Being a part of the tremendous coalition effort to pass a divestment bill at Berkeley was quite simply an ecstatic experience.  As my colleague Sydney Levy said, “The movement grew by an enormous leap today.”

First, the vote itself: after the UC Berkeley Student Senate originally voted on March 18, by a margin of 16-4, to divest from companies that profit from the occupation, that vote was vetoed by the Senate president.  The Senate needed 14 votes to overturn his veto, but early this morning, after an epic 10 plus hour meeting, senators found they had only 13 yes votes with one abstention.  So the students tabled a vote to overturn the veto.  This means the veto stands but can still be overturned later — there will be much continued lobbying and activism in the coming weeks.  (Meanwhile, some weeks ago AIPAC openly threatened to take over the UC government to block the bill.)

But in many ways, the vote itself was not the star of this story.  For anyone who was there last night and until 7:30 this morning when the forum ended, it was clear what the future looks like.

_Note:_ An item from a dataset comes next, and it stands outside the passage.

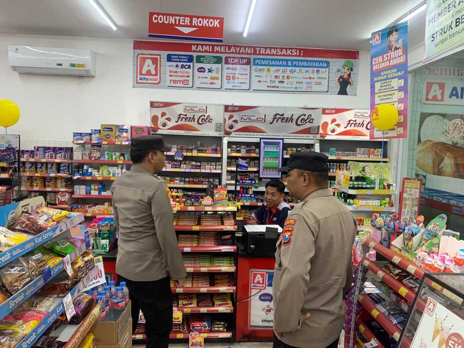 Personil melakukan patroli di minimarket dan bertemu karyawan toko setempat sembari menyampaikan himbauan tentang kewaspadaan terhadap gangguan Kamtibmas.
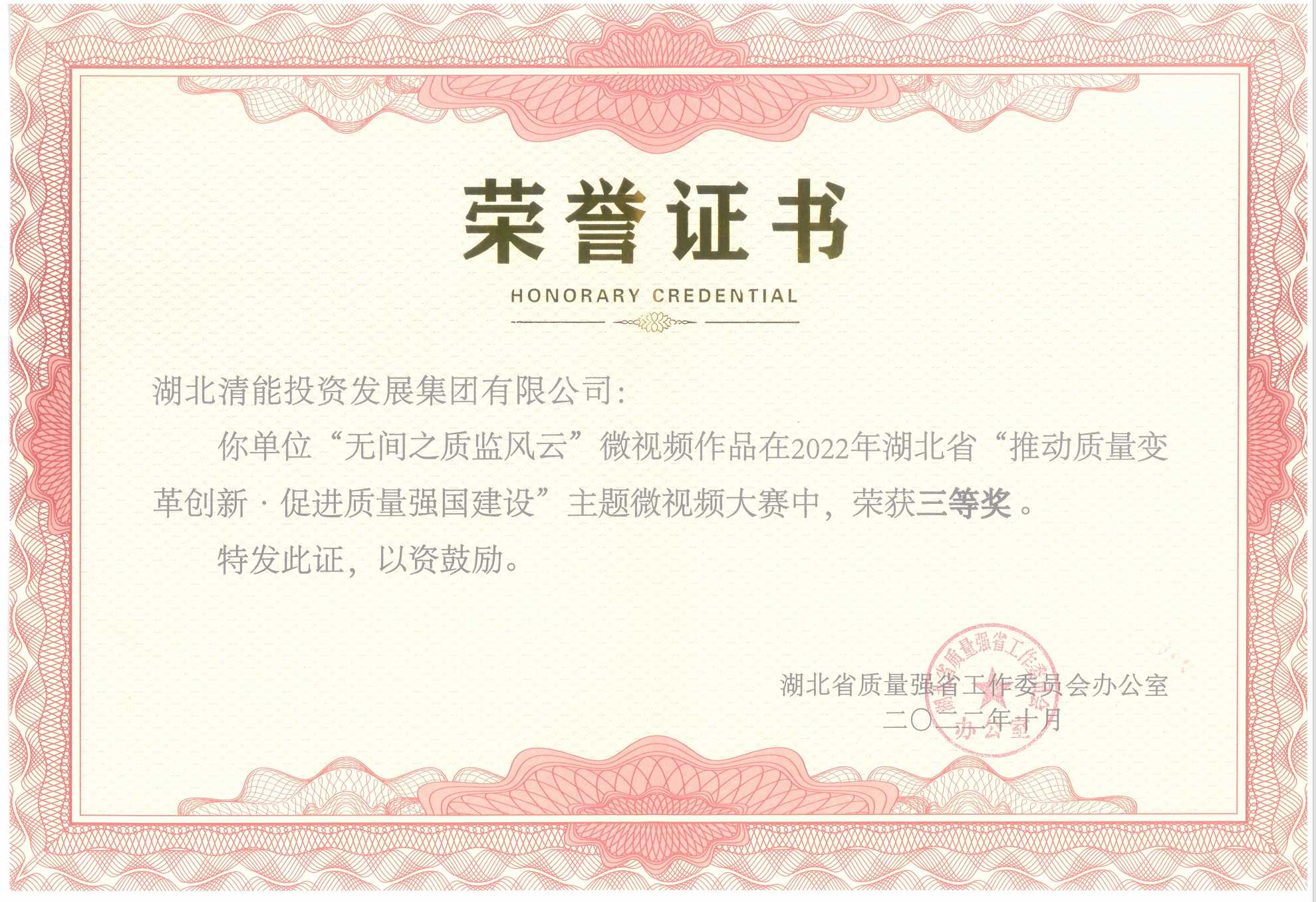 湖北省“推動質量變革創新 促進質量強國建設”主題微視頻三等獎

For one, the smart money is on the members of UC Berkeley’s Students for Justice with Palestine (SJP), the group leading this effort.  They are a remarkable multi-ethnic group that seemingly includes every race, religion and ethnicity including Muslims and Jews, and Israelis and Palestinians.  They are just brilliant thinkers and organizers and driven by a clear sense of justice and empathy.  They spent a year researching and writing the divestment bill, and I can’t express how much I love and respect them and how much hope they make me feel.  And there are students just like them on every other campus in the world.

Second, the feeling on campus and in the room was electric.  We filled an enormous room that fits 900.  Most stayed through the entire night.  If you can imagine, the evening started with remarkable statements by divestment supporters Judith Butler, Holocaust survivor Hedy Epstein, Richard Falk, Hatem Bazian and George Bisharat.  And then the extraordinary parade of students and community members who spoke on both sides of the issue until it was past sunrise.

And though the final vote still hangs in the balance, the fact remains that the vast majority of the Senate voted to divest.  The bill garnered the support of some of the most famous moral voices in the world, a good chunk of the Israeli left (9 groups and counting), nearly 40 campus groups (almost all student of color groups and one queer organization) plus another 40 US off-campus groups.

In addition, the room was filled with Jewish divestment supporters of every age including grandmothers and aunts and uncles and students.  Our staff, activist members, and Advisory Board members like Naomi Klein, Judith Butler, Daniel Boyarin, Rabbi Lynn Gottlieb and Noam Chomsky each played critical roles in the effort.  And of course, all of you who generated over 5,000 letters of support.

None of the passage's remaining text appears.